* **Task requirements**: In the records below, find the line with "Куртка-косуха свободного силуэта", then retype it and every following line exactly, stopping after the line with "Copying prices functionality". Leave the pictures out.

Available records below:

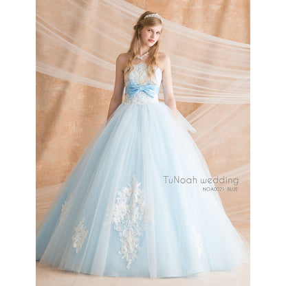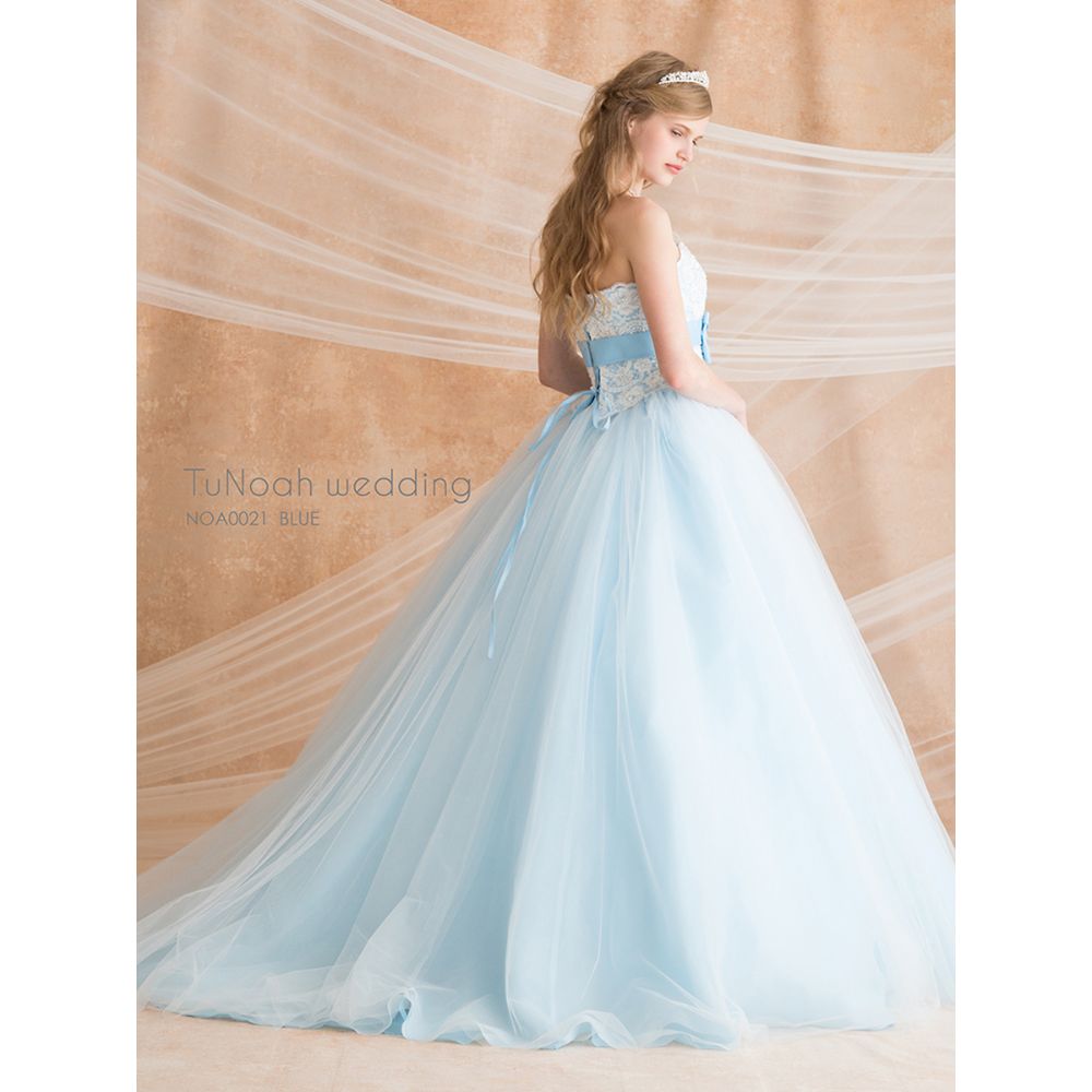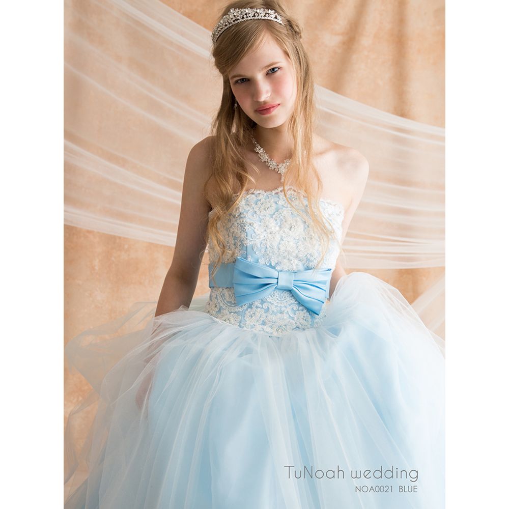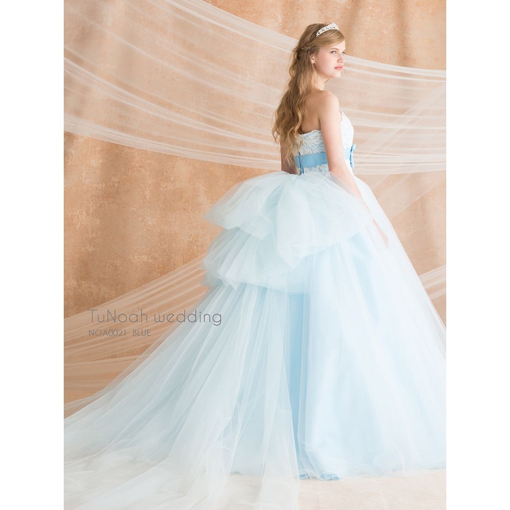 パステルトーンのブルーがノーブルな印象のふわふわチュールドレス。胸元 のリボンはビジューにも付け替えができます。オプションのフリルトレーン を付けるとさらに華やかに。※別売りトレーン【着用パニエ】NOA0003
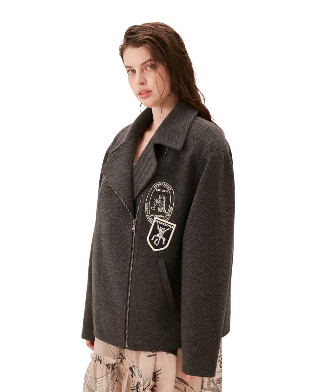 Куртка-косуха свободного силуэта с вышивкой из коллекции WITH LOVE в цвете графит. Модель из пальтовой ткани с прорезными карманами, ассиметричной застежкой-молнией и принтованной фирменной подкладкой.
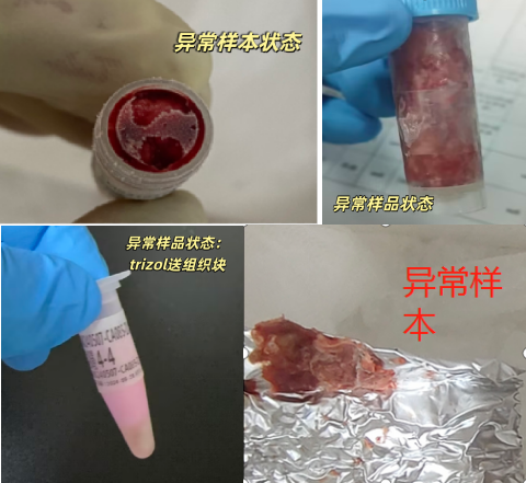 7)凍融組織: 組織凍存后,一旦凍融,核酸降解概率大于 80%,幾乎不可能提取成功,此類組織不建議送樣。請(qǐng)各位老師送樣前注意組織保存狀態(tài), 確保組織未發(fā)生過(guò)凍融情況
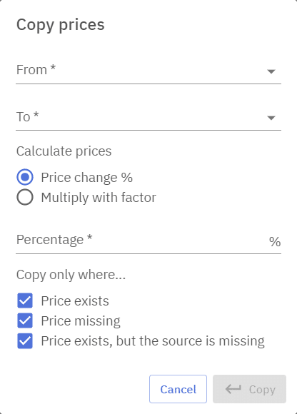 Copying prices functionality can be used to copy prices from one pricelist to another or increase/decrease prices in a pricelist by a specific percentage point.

End of Available records.
Available records below:

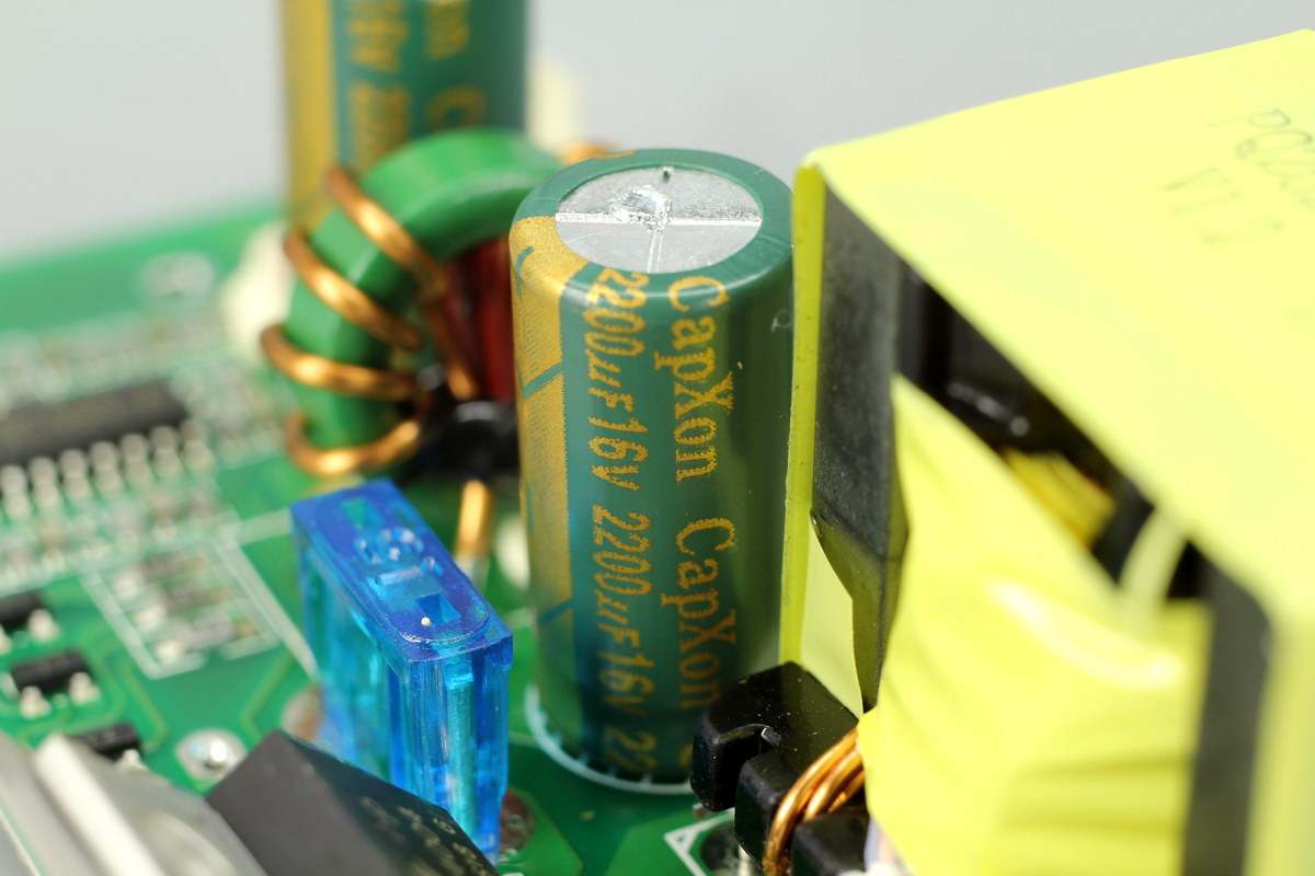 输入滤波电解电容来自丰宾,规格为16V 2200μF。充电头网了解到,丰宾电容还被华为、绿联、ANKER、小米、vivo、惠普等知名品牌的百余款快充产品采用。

End of Available records.
Available records below:

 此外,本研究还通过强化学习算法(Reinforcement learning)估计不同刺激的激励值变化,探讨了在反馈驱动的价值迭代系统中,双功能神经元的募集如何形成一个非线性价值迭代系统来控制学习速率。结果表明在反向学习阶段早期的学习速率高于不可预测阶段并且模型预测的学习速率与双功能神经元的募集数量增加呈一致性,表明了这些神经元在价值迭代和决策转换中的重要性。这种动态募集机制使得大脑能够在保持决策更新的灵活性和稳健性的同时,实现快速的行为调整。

End of Available records.

* **Reply**:
 Куртка-косуха свободного силуэта с вышивкой из коллекции WITH LOVE в цвете графит. Модель из пальтовой ткани с прорезными карманами, ассиметричной застежкой-молнией и принтованной фирменной подкладкой.
 7)凍融組織: 組織凍存后,一旦凍融,核酸降解概率大于 80%,幾乎不可能提取成功,此類組織不建議送樣。請(qǐng)各位老師送樣前注意組織保存狀態(tài), 確保組織未發(fā)生過(guò)凍融情況
 Copying prices functionality can be used to copy prices from one pricelist to another or increase/decrease prices in a pricelist by a specific percentage point.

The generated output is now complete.